Chinese archaeologists have unearthed a collection of 37 stone artifacts at three new localities near the Liuhuaishan, an important early Paleolithic site in the Bose Basin.
The new finds, described in a paper in the latest issue of Acta Anthropologica Sinica, will help better understand the human behavior at prehistoric open-air sites in south China.
The archaeologists found stone cores, flakes, chunks, choppers and chopping tools, and picks, mainly made of quartzite, silicarenite and siltstone.
The size of all artifacts was large and most of the tools were retouched on pebbles. Their characteristics show very strong ties with the pebble tool tradition of south China.
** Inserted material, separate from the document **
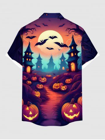 Men > Plus Size Halloween Pumpkin Bat Moon Castle Print Buttons Pocket Shirt For Men

Soil stratigraphy and the dating of tektites suggest that the newly discovered archaeological localities were formed in the early stage of Middle Pleistocene.
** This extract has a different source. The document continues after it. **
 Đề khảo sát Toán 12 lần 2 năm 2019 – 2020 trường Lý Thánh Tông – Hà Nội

The archaeologists said that these localities are buried in the same layer of vermiculated red soil, and that preliminary analysis shows the localities have similar features, distribute across a broad area and span a limited range of time.
“With these details, a future project with a good stratigraphic and chronological control will be conducted to study the human behavior at open-air sites in south China”, concluded paper co-author Xing Gao, a professor at the Institute of Vertebrate Paleontology and Paleoanthropology, Chinese Academy of Sciences.